Background information
- Born: Vincent De Jean Parrette 15 December 1957 (age 68) Fairfield, California
- Genres: Pop, rock
- Occupation: Musician
- Instruments: Percussion, Voice
- Years active: 1980s–present
- Labels: Pangaea/I.R.S., Dreamsicle
- Member of: Jungle Funk
- Website: vinx.com

= Vinx De'Jon Parrette =

Vinx De'Jon Parrette (born 15 December 1957), known professionally as Vinx, is a percussionist, singer, songwriter, and former athlete.

==Musical career==
Vinx performed for the first time at Montreux Jazz Festival on July 9, 1978, after legendary musician Taj Mahal invited him to perform with him at Casino Montreux.

Vinx was a member of the Austin, Texas funk & soul band Extreme Heat.

The next time Vinx performed at Montreux Jazz Festival would be July 20, 1990, when he performed nine of his own songs: The songs were taken from Vinx's first album, Rooms in My Fatha's House which was released through Sting's record label Pangaea Records, and featured guest vocals and bass by Sting.
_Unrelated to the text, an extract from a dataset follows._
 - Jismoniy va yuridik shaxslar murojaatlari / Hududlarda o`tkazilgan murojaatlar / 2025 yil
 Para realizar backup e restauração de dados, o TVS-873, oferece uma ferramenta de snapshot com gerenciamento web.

Taj Mahal, Branford Marsalis, Sheryl Crow, and Herbie Hancock were also among the album's guest musicians. The actor Roscoe Lee Browne appears on "While the City Sleeps". Vinx's regular band, made up of percussionists and a vocalist, was dubbed the Barkin' Feet.

| 1 | Tell My Feet |
| 2 | Porch Light |
| 3 | I Should Have Told Her |
| 4 | Little Queen |
| 5 | I'd Give My All To You |
| 6 | Captain's Song |
| 7 | My TV |
| 8 | Temporary Love |
| 9 | Samba De Whoop |

The following day, July 21, Vinx performed a second show at Montreux 1990 alongside Sting.
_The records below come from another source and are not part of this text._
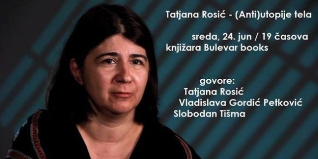 Promocija knjige Tatjane Rosić “(Anti)utopija tela” održaće se u knjižari “Bulevar books”, u Novom Sadu sa početkom u 19 časova. Reč je o jednoj od najznačajnijih knjiga koja se bavi savremenom srpskom prozom, a jedna je od retkih koja se bavi aktuelnom domaćom literaturom i to delima: Davida Albaharija, Srđana Valjarevića, Vojislava Despotova, Judite Šalgo, Miljenka Jergovića i Slobodana Tišme, kaže se u najavi. Pored autorke, o knjizi će govoriti i prof. dr Vladislava Gordić Petković i Slobodan Tišma.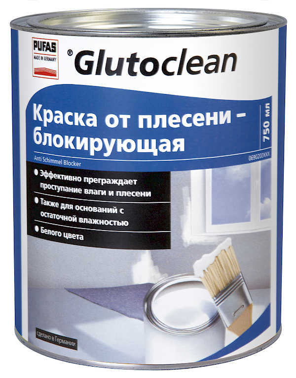 После высыхания препятствует выделению влаги из обработанной поверхности и защищает тем самым окрашенную поверхность от образования новой плесени без биоцидных добавок.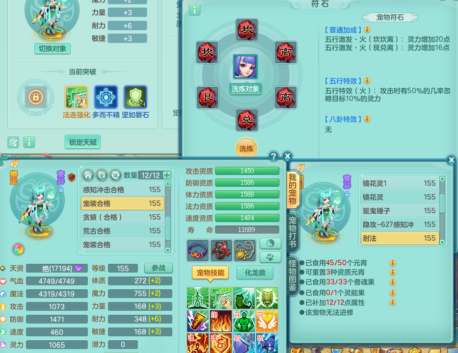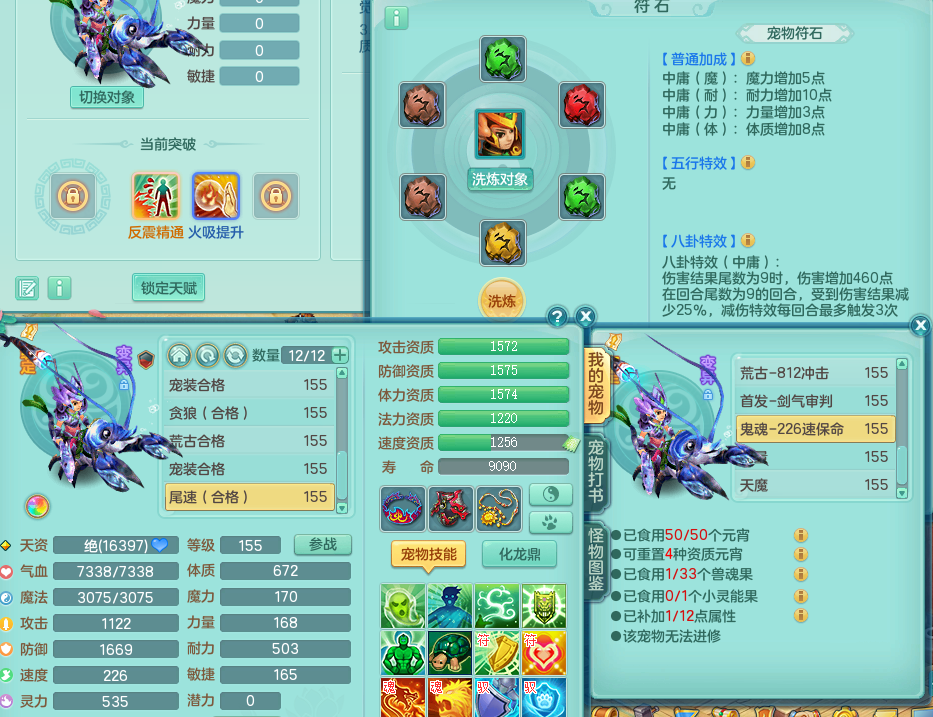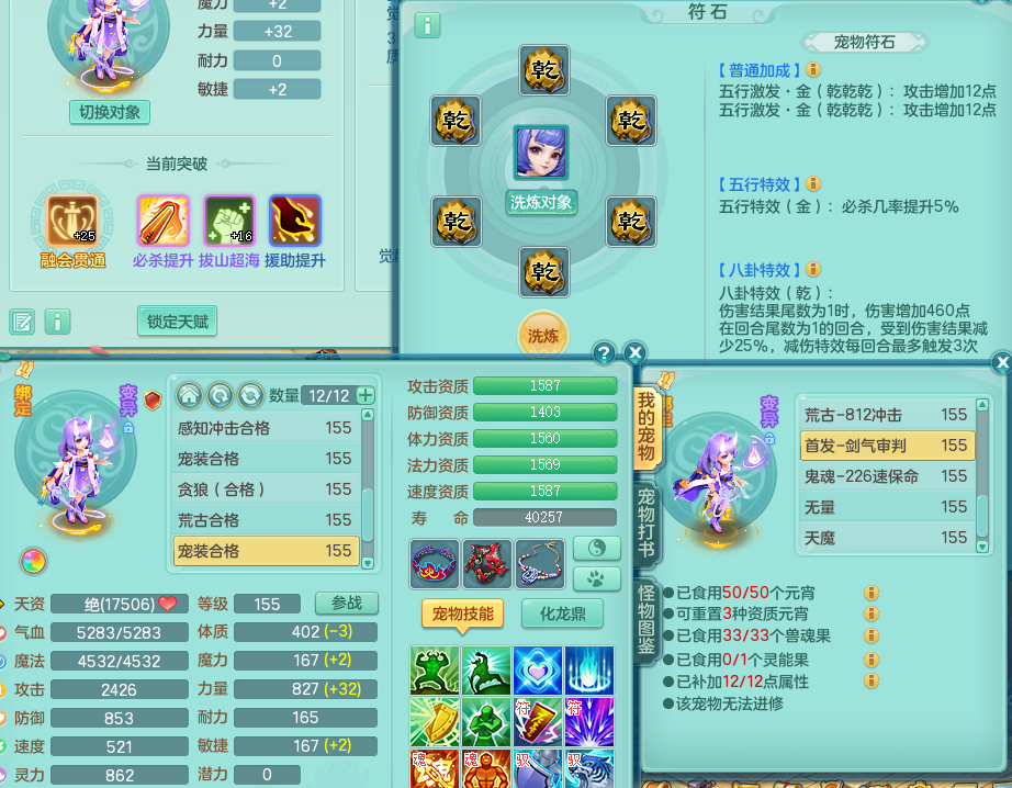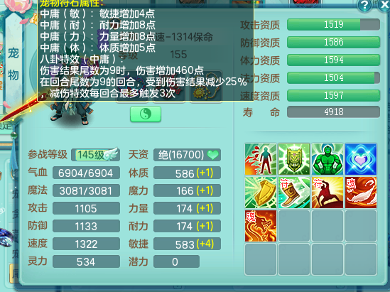 tx8240 天下无双 159 天宫 双飞坐骑 精灵舞 满星穹 5.5化龙鼎 月卡165天 47神兽碎片 1宠物皮肤 4觉醒 1个真6字 5+满果子 2980邮箱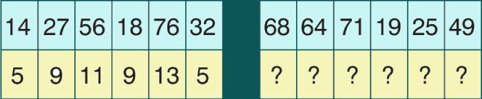 Ce set de numere din cele șase de mai jos ar trebui să înlocuiască semnele de întrebare? Care este relația dintre setul de sus și cel de jos?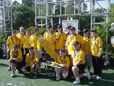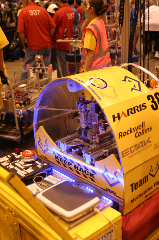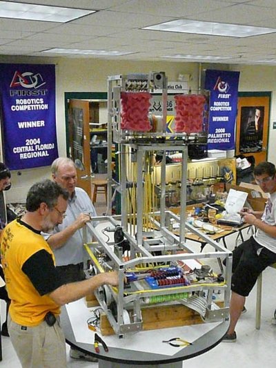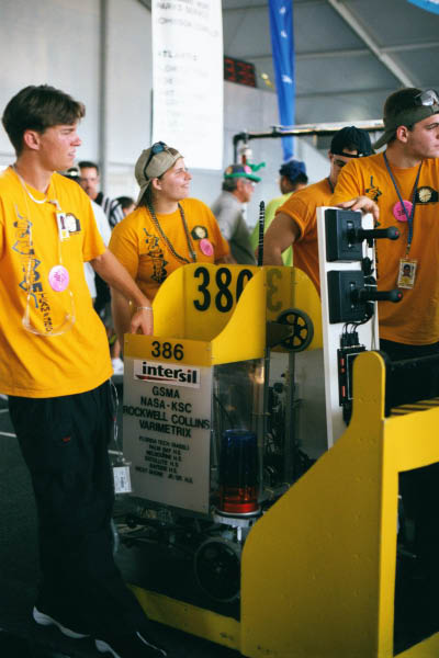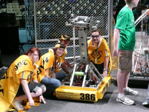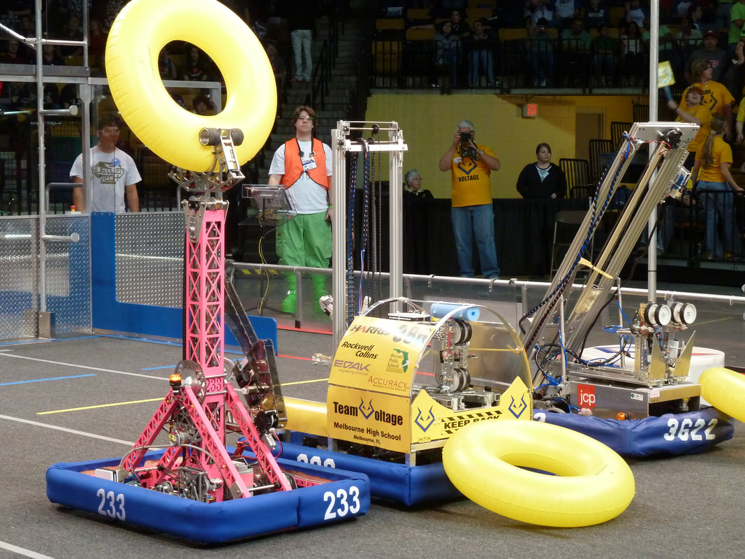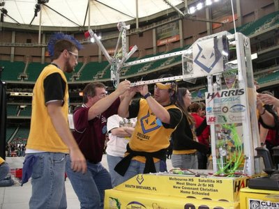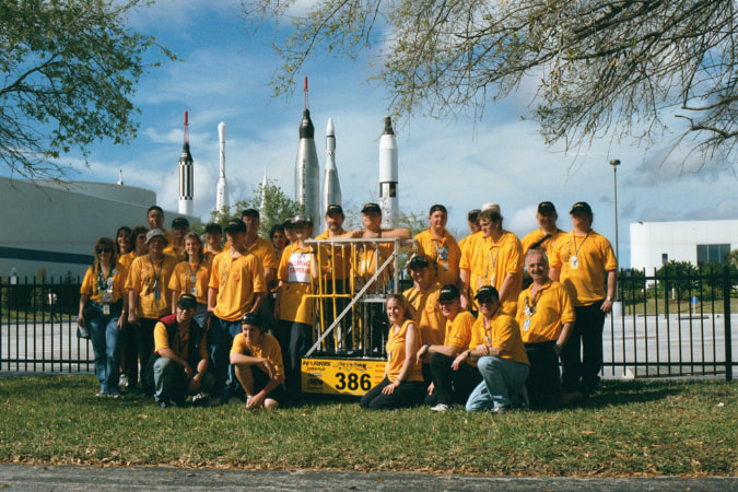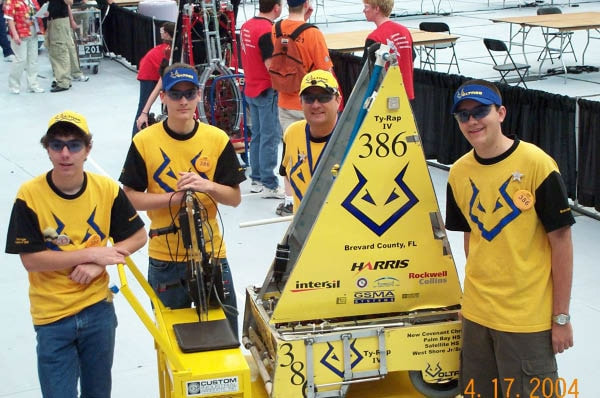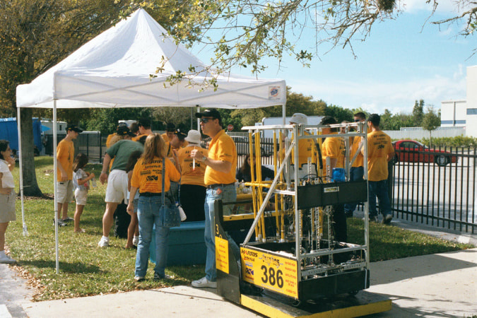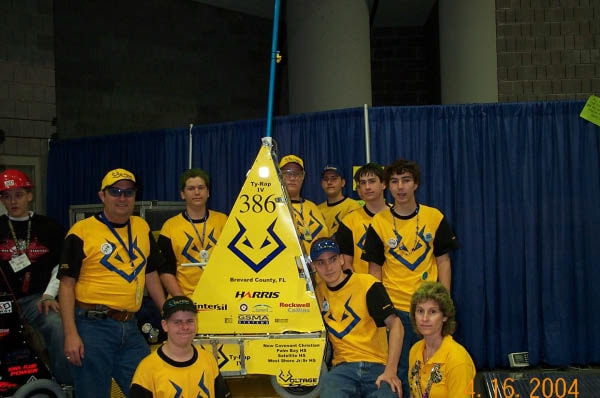 Back in 1999, Melbourne High School faced a unique challenge in South Brevard County. Local corporate sponsors were hesitant to support a single school robotics team, citing concerns that it wouldn't adequately benefit the community. To address this, students from various schools across Brevard County, including Melbourne HS, Palm Bay HS, Satellite HS, Eau Gallie HS, and Melbourne Central Catholic HS, banded together to form Team Voltage. Despite the initial hurdles, the team managed to establish itself in time for the 2000 Season and has been actively participating in FIRST ever since.

Almost a year later, on July 2, 1991 Vinx returned to Montreux Jazz Festival with Sting, as part of Sting's Soul Cages tour, performing backing vocals on 17 songs, before moving front of stage to perform vocals and percussion on four of his own songs in support of Rooms in My Fatha's House : "My Funny Valentine" (written by Richard Rogers & Lorenz Hart), "Temporary Love", "One Pearl", and "Don't Got To Be That Way". "Temporary Love" and "Don't Got To Be That Way."

Vinx's second album, I Love My Job was released on CD and cassette across Europe and the US in 1992.
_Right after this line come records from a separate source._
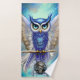 Coruja Steampunk Azul, esta design apresenta uma coruja azul com olhos azuis.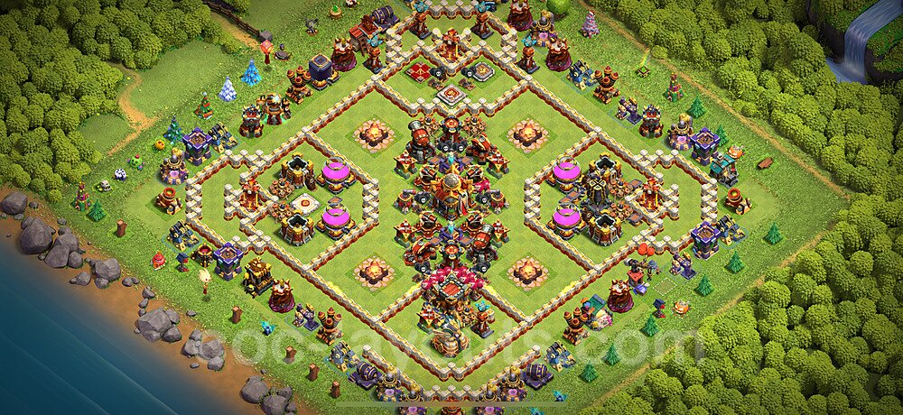 This Town Hall 16 trophy pushing base is engineered for maximum defensive capability to help you climb and maintain higher trophy leagues. The design focuses on preventing attackers from achieving the 50% destruction threshold needed to steal trophies, with a heavily fortified Town Hall position and anti-2-star compartmentalization. This layout is perfect for competitive players aiming to reach Champion, Titan, or Legend League. The strategic placement of defenses creates overlapping coverage that makes it nearly impossible for attackers to access the core without facing devastating firepower. High-DPS defenses like Inferno Towers and Eagle Artillery are positioned to protect the Town Hall from all angles, while splash damage defenses counter mass troop strategies. The anti-air coverage is exceptionally strong, with Air Defenses, Air Sweepers, and Wizard Towers positioned to eliminate aerial threats quickly. Trap placement in this trophy base is optimized to counter popular attack strategies seen in higher leagues. Spring Traps are positioned to eliminate Hog Riders and Valkyries, while Giant Bombs target Balloons and Wall Breakers. The base's asymmetrical design confuses attackers' pathing algorithms, causing troops to split and take unnecessary damage. This layout has been battle-tested in Legend League and has consistently helped players maintain their trophies against skilled attackers.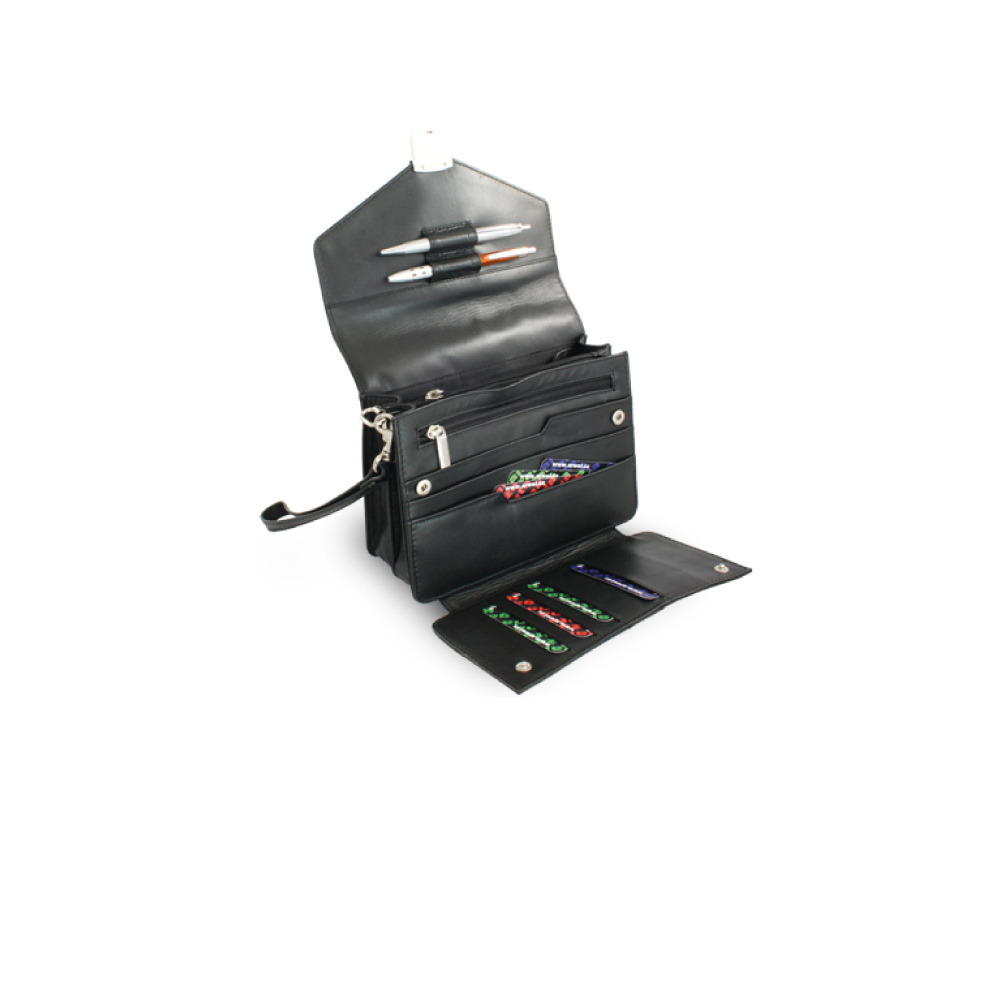 Popis: 2 separace oddělené zipovou kapsou, sklápěcí registr s 3 separacemi na doklady,
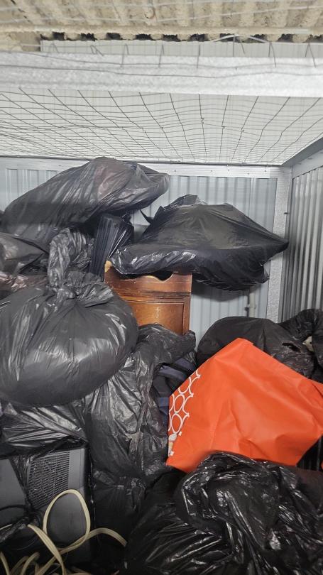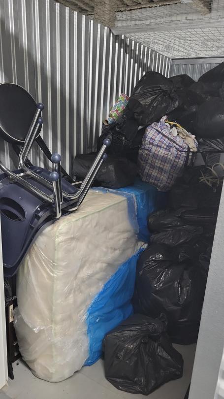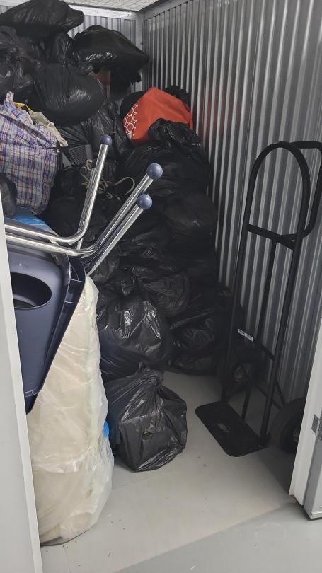 This unit appears to contain…Bags, Chairs, Dresser, Mattress ,TV. Dolly, Bed Frame Gym Equipment AV Wires

In 1992, Vinx's third Album, The Storyteller, was also released through Pangaea Records and featured his drum band, The Barking Feet, plus guest artists; Stevie Wonder, Cassandra Wilson, Omar, Ndugu Chancler, Billy Kent, Django Porter, Peter Usi Wegner, Mitchell Long, Luis Conte, George Howard, Harvey Mason, Greg Poree, Karen Briggs, Angel Figueroa, Bill Summers, Basil Fung, Fade and Beulah.

On October 18 1996, Vinx opened for Carlos Santana at The Beacon Theater in New York City.

On January 12, 1997, Vinx performed in Foxborough, MASSACHUSETTS, in 20-degree weather, during halftime of the AFC Championship Game between the Jacksonville Jaguars vs The New England Patriots. Al Pereira photographed Vinx in winter gloves trying to keep warm.

On July 15, 1997, Vinx again performed at the Montreux Jazz Festival, this time as part of his band Jungle Funk, formed with Living Colour band members Doug Wimbish and Will Calhoun. Jungle Funk performed to an audience of 4000 at Auditorium Stravinski. Jungle Funk toured for many months, with dates including Drum Fest - Oopole, Poland in October 2013 and the Millennium Stage at The Kennedy Center, on January 14, 2015

In 2004, Vinx wrote and recorded Digga Tunnah Dance with Lebo M for The Lion King 1½ film and soundtrack. The album was released by Walt Disney Records in 2004.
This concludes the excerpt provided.